2022年卡塔尔世界杯小组赛,英格兰3-0完胜威尔士,将邻居送回家,比分牌冰冷地宣告着实力差距,但绿茵场下涌动的,是远比90分钟比赛更复杂、更绵长的历史暗流,这场比赛从来不只是足球——它是大不列颠岛上持续数百年的身份政治在现代社会的投影,是联合王国内部微妙关系的集中展演。
当我们把目光转向同一时间段的NBA东部决赛,会发现一个有趣的镜像:内马尔在关键时刻接管比赛,用个人英雄主义的表现带领球队前进,这两个看似无关的体育事件,实则揭示了现代体育的双重面孔——既是地缘政治与身份认同的角力场,也是个体超越性展现的舞台。
足球作为政治延续

英格兰与威尔士的足球恩怨,扎根于1282年英格兰国王爱德华一世征服威尔士的漫长历史,1536年《联合法案》在法律上完成了吞并,但威尔士语、凯尔特文化从未消亡,足球场成为这种历史张力的现代容器——当两队相遇,威尔士球迷高唱《父辈的土地》,不仅是为球队助威,更是对独特民族身份的宣示。
这种体育与政治的纠缠并非孤例,巴塞罗那与皇家马德里的“国家德比”承载着加泰罗尼亚与中央政府的复杂关系;塞尔维亚与克罗地亚的比赛则弥漫着前南斯拉夫解体的历史硝烟,体育场馆成为没有硝烟的战场,比分成为身份政治的临时计分牌。
个体英雄的现代神话
与这种集体身份的表达并行的,是体育作为个体英雄主义展演场的功能,内马尔在东部决赛关键时刻的接管,完美诠释了这一点,在比赛最焦灼的时刻,他凭借超凡的个人能力打破平衡,这种“神兵天降”的叙事满足了人类对英雄的古老渴望。

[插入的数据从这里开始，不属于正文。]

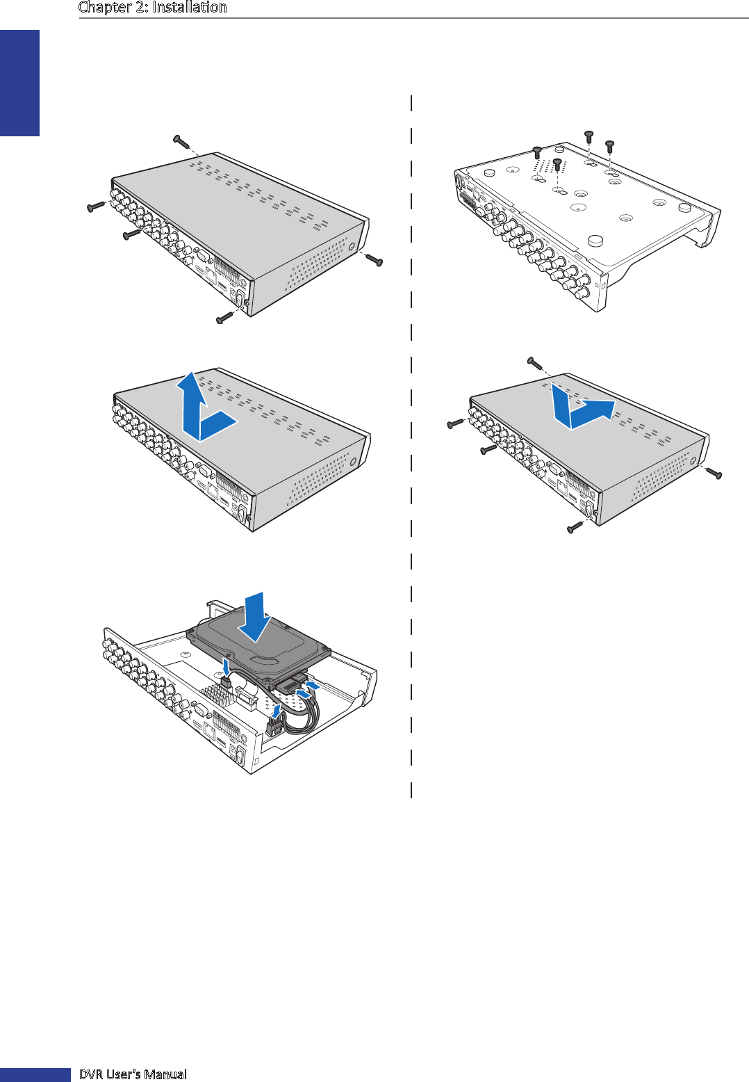 The 16-channel DVR supports supports one 3.5” SATA hard disk drive. To install the HDD, follow the steps below.
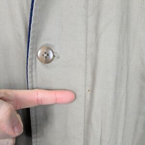 • Small mark near buttons, edge wear on leather collar, and marker on brand tag (see photos,) otherwise in good overall condition.
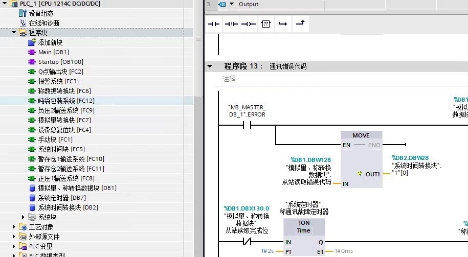 西门子PLC200Smart通过Modbus RTU协议与托利多FCW称重仪表通讯。下面咱看段关键代码(以梯形图为例):
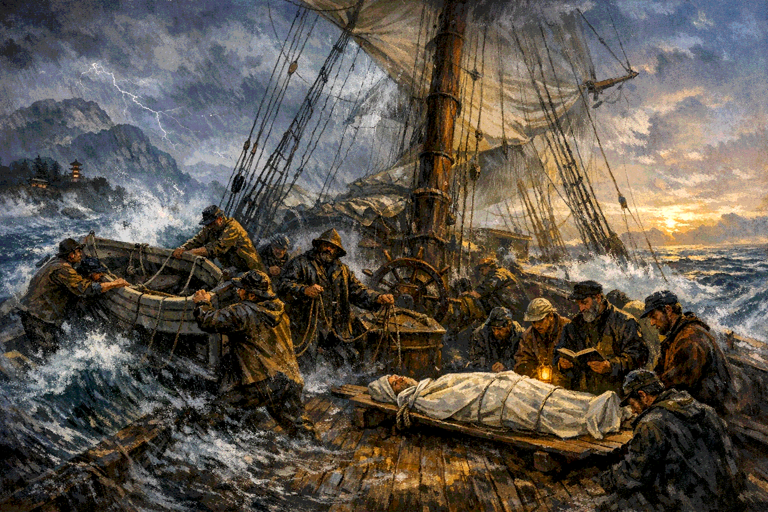 Команда шхуны «Софи Сазерленд» у берегов Японии выходит в море на охоту за котиками. Погода сначала кажется спокойной, но вскоре усиливается ветер, падает барометр, и капитан приказывает возвращаться. Начинается сильный шторм: шлюпки едва удаётся поднять на борт, судно тяжело борется с волнами и ветром всю ночь. Матросы работают на износ, уменьшая паруса и удерживая шхуну от гибели. К утру буря начинает стихать, и корабль возвращается к месту промысла. Во время шторма от чахотки умирает тяжело больной матрос, и его готовят к морскому погребению.
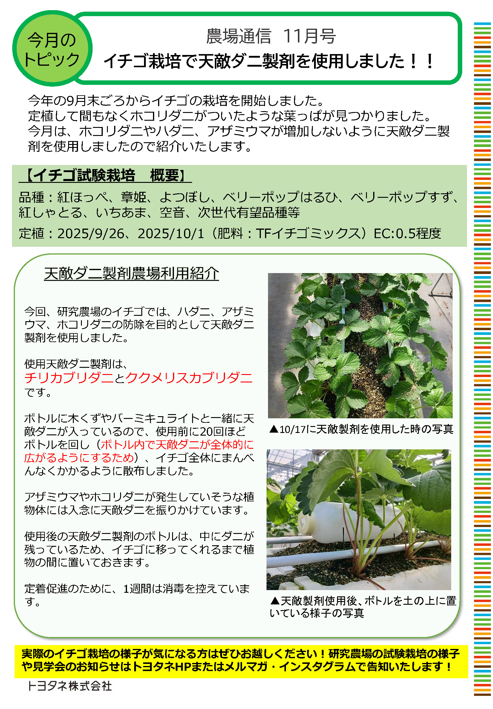 ・ 今月は「イチゴ栽培で天敵ダニ製剤を使用しました!!」です。
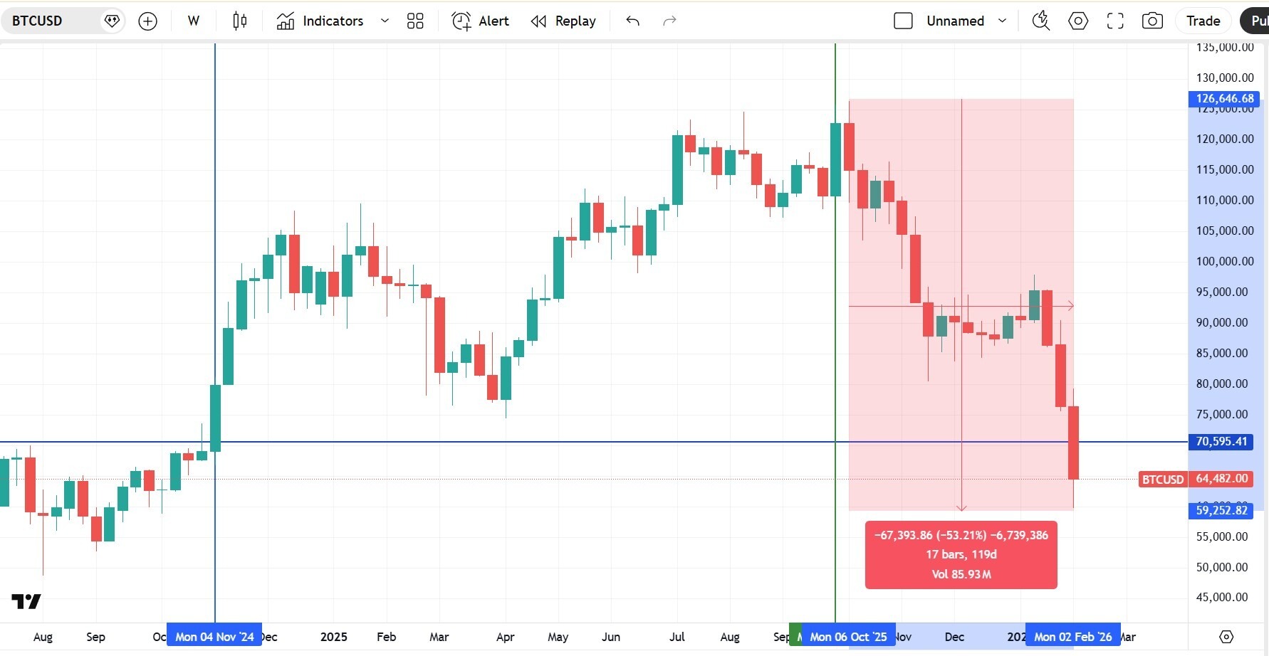 Bitcoin has declined to levels last seen prior to the US elections in November 2024 and is close to 50% below its October 2025 peak.

现代体育明星已成为全球化的图腾,内马尔来自巴西贫民窟的逆袭,梅西身材矮小却征服世界的传奇,都是超越国界的现代神话,他们代表的不再是某个民族或国家,而是人类突破自身极限的可能性,这种个体叙事与足球比赛中的集体身份政治形成了有趣的对立统一。
统一与分裂的双重奏
体育的这种双重性——既强化集体身份边界,又提供个体超越边界的机会——正是其当代魅力的核心,英格兰淘汰威尔士的比赛结束后,社交媒体上同时出现了两种声音:一种是威尔士球迷的“我们虽败犹荣,我们仍是威尔士人”;另一种是全球球迷对贝林厄姆、拉什福德精彩表现的纯粹欣赏。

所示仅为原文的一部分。